Los seres humanos, confiamos en que  todo sucede en el momento en que ocurre en base a un cierto ámbito de coherencias, que no dudamos, abrimos nuestros ojos, y confiamos en que ha llegado el día, que hay un suelo que nos sostiene, solo cuando pasa algo que nos cambia el escenario, ocurre un ámbito nuevo que nos saca de esa confianza fundamental. No creíamos posible el home office, sin embargo, el suceder de la pandemia ha generado la comprensión que era un ámbito posible de realizar, este cambio implicó una nueva circunstancia que lo hizo posible y las personas, pudimos hacerlo porque nuestro hacer se orientó en el presente que emergió ante cuarentenas, confinamientos, preocupaciones por el cuidado, entre otros aspectos que la posibilitaron y sostuvieron.

Somos seres históricos y el presente de una historia de conversaciones, que han surgido como un trinquete cultural, que nos trajo hasta aquí, desde nuestros ancestros hasta hoy, explicamos nuestro vivir con las coherencias de nuestro vivir.  Nos preguntamos ¿De dónde viene todo? ¿ Cómo ha ocurrido lo que ha ocurrido? ¿ Cuál es el origen de esta pandemia? Vamos proponiendo respuestas y explicaciones, según nuestros ámbitos experienciales, y vamos confiando en la inercia fundamental de todo suceder, siempre en la conservación de las regularidades que distinguimos, salvo que nos encontremos con un evento que nos saque de aquello, como lo expresa Ximena y Humberto “Todo suceder continúa sucediendo a menos que otro suceder interfiera con él. A esta condición básica de todo suceder la llamamos inercia fundamental” (  2015, pág. 486)  

Cómo seres humanos, hemos aprendido un vivir cultural, que vamos a su vez, generando, realizando y conservando, nos apegamos a certezas , mundos y verdades que damos por hecho, hemos olvidado abrazar nuestra propia experiencia como la fuente de nuestras preguntas y respuestas como cuando éramos niños, donde desde el candor y la curiosidad creamos juegos, inventamos viajes, transformamos cajas en autos, castillos, puentes. Luego fuimos creciendo y “llenando nuestra copa” como dice Ximena, de teorías y supuestos, que nos atrapan y nos adormecen, apegándonos a las regularidades del vivir cultural, restringiendo nuestra plasticidad conductual y creativa, en una inercia cultural, que solo nos puede sacar de ahí, si ampliamos la mirada a nuestra multidimensionalidad relacional y operacional, que nos posibilite ampliar nuestro pensar, ver y sentir, para permitirnos aprender, co-crear y conectar con otros conscientes de nuestra plasticidad y confiando en nosotros mismos. 

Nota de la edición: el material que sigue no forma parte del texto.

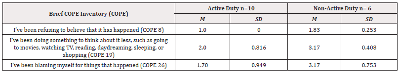 As shown in Table 5, participants with non-active-duty spouses reported a greater frequency of denial, distraction, self-blame while attempting to cope with stressors than participants with active duty spouses. These could be grouped as avoidance of engaging with the non-active-duty spouse regarding the stresses that the woman, participant was experiencing.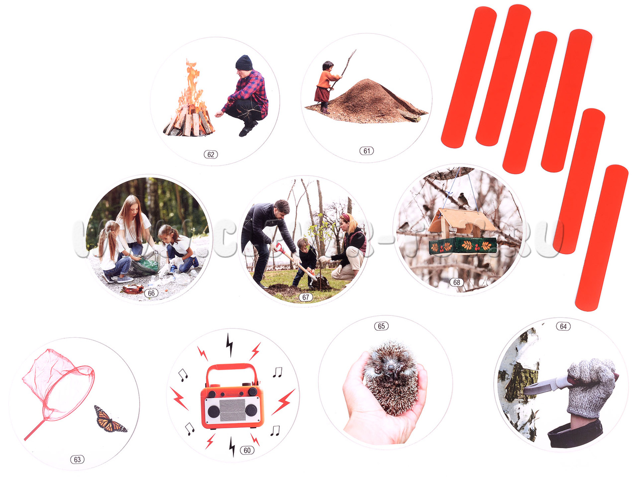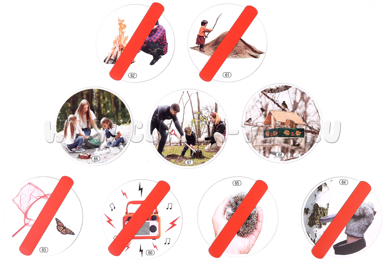 В наборе 15 карточек. Они входят в комплект магнитного плаката "Лес" и имеют сквозную нумерацию, поэтому номера начинаются не с единицы. Однако каждый набор можно использовать как самостоятельное пособие. 6 красных магнитных полосок длиной 13 см. Дети могут "зачеркнуть" ими действия и ситуации, которые недопустимы в лесу. Карточки с изображениями (11,5 см): 60: Соблюдай тишину; 61: Не разрушай муравейник; 62: Костёр; 63: Не лови бабочек; 64: Не режь деревья; 65: Не уноси животных из леса; 66: Уноси мусор; 67: Сажай деревья; 68: Устанавливай кормушки для птиц.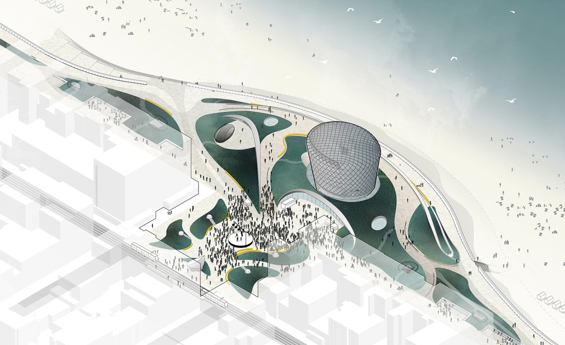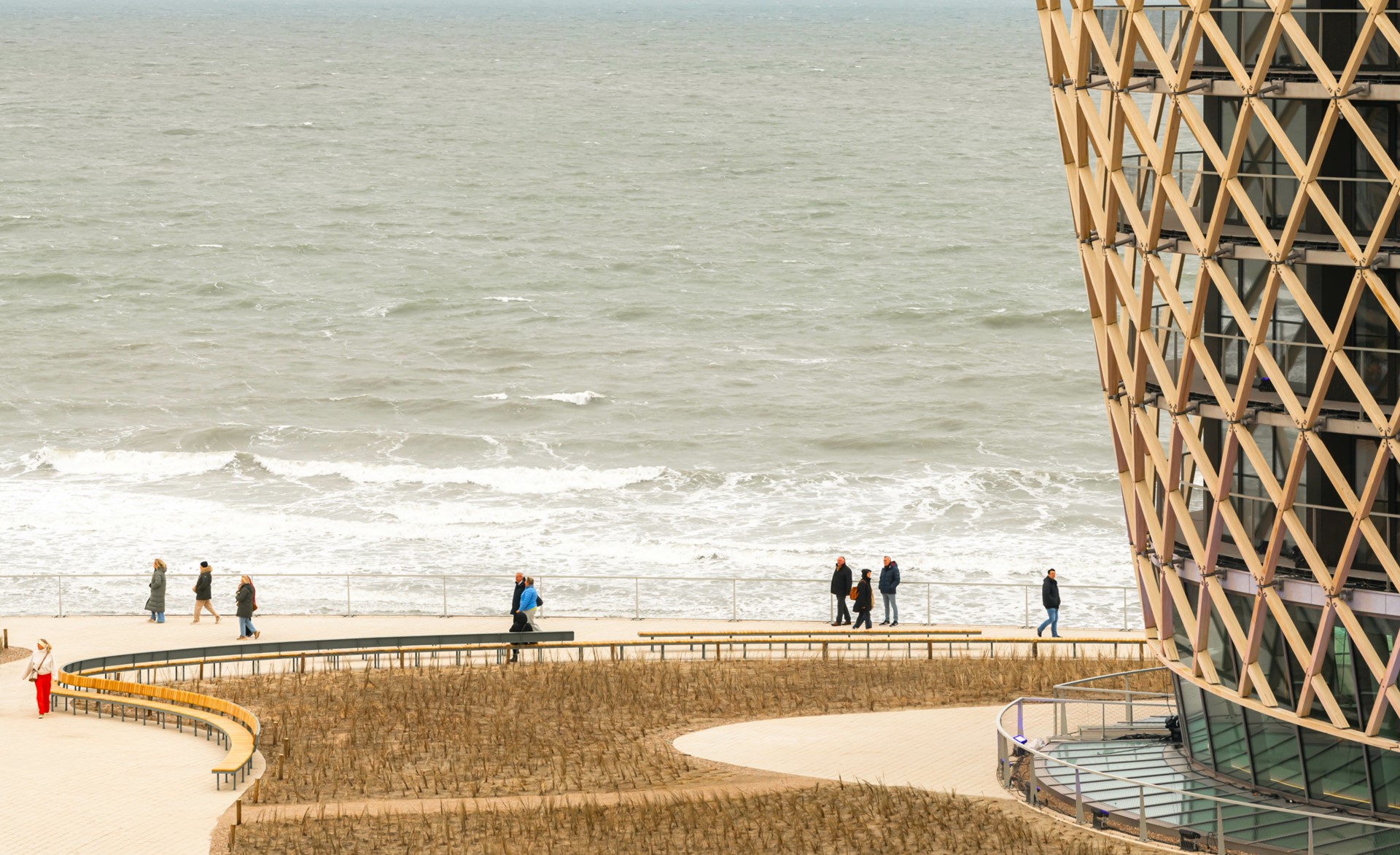 Zo maakt het project gebruik van het natuurlijke reliëf van de kustlijn om adembenemende uitzichten over de Noordzee en het omliggende landschap te bieden. Door het ontwerp van het gebouw, inclusief de positionering van de hoteltoren en uitkijkplatforms, kunnen bezoekers genieten van ononderbroken panoramische uitzichten die zich uitstrekken van Oostende tot aan Westende.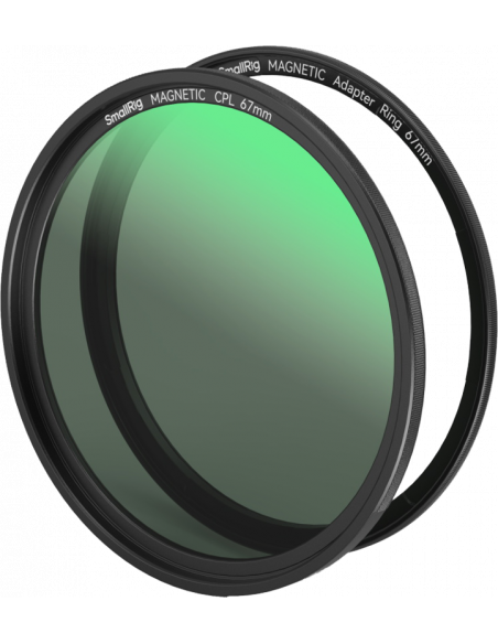 SmallRig 4582 Påsætteligt CPL-filter (67 mm)Det multi-coatede optiske glas giver pålidelig optisk kvalitet og sikrer, at de optagne billeder er fri for vignettering.Det magnetiske fastgørelsessystem giver brugerne en hurtig og effektiv oplevelse med at installere og udskifte filtre.Det er kompatibelt med SmallRigs mobile videobure, der understøtter installation af en 67 mm filteradapterring, herunder modeller som iPhone 15-serien, Samsung S24 Ultra, Vivo X100 og Vivo X100 Ultra.Udstyret med adapterringen med gevind kan filteret monteres på et 67 mm kameraobjektiv, hvilket giver en praktisk oplevelse af magnetisk filterinstallation til kameraobjektiver.Bemærk:Selv om filterdesignet reducerer forekomsten af vignettering i fotos betydeligt, garanterer det ikke fuldstændig eliminering af vignettering under alle optageforhold og kameraindstillinger.Kompatibilitet:SmallRig iPhone-serien: 4407, 4391, 4392, 4393, 4396, 4397, 4398SmallRig Samsung S24 Ultra mobilbur: 4601SmallRig Vivo-serien:4470, 4664Smallrig 67 mm filteradapter: 4585, 4587Pakken indeholder:1x CPL-filter (cirkulært polarisationsfilter)1x adapterring med gevind1x Rengøringsklud1x bærende kasse1x brugervejledning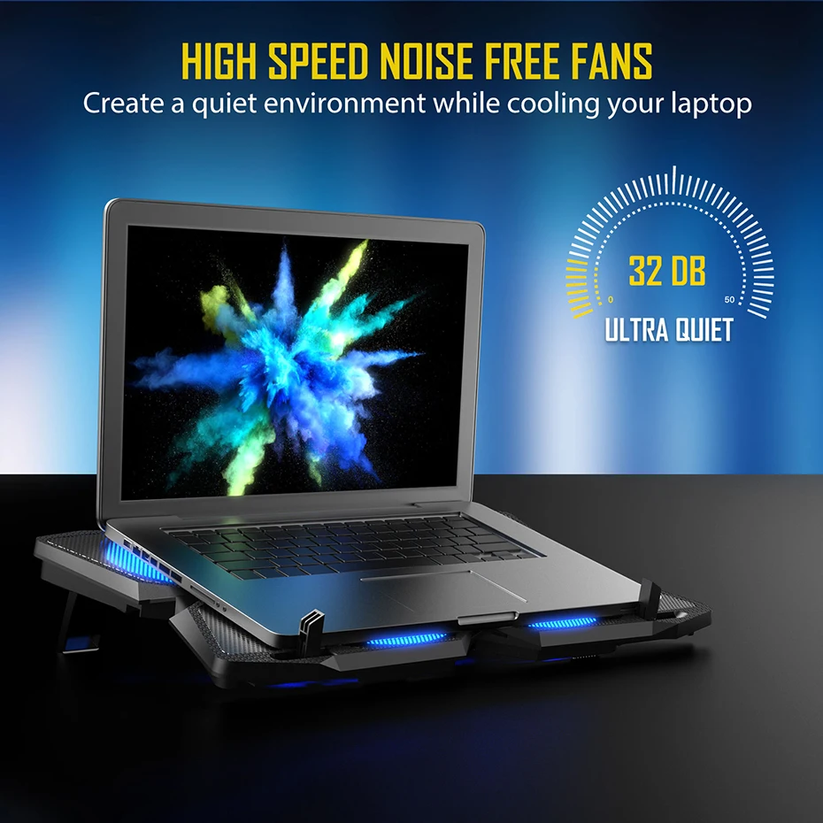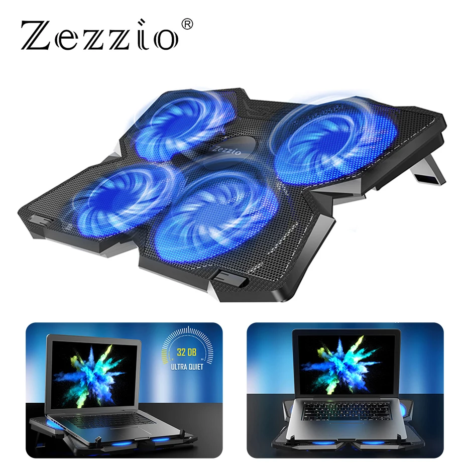 Comprar Zezzio-enfriador de ordenador portátil ZLP-B4, 4 ventiladores silenciosos y fuertes, puertos USB duales para Notebook de 12 a 17 pulgadas, soporte de refrigeración

Podemos seguir repitiendo la resistencia al cambio, como la etiqueta que nos define y con ello, que nos atrapa…o bien, abrirnos al hacer nuevo, en un aprender que es posible, en la confianza fundamental en nosotros mismos y nuestros colaboradores, porque hemos llegado hasta este presente, en una historia humana individual y colectiva, que ha ocultado el hecho, que el fundamento relacional de toda conducta, está en nuestros sentires íntimos como guía del hacer, es desde ese trasfondo que podemos salir de toda encrucijada y para todo esto la pregunta central es ¿ Qué queremos conservar y qué no queremos conservar? Porque esas respuestas generarán la ruta de transformación, el curso del vivir individual, colectivo, organizacional, que surgirá momento a momento. 

Por Carolina Carvacho y Sebastián Gaggero

Referencia: 

Dávila & Maturana ( 2015) El árbol del vivir. Santiago de Chile, MVP Editores.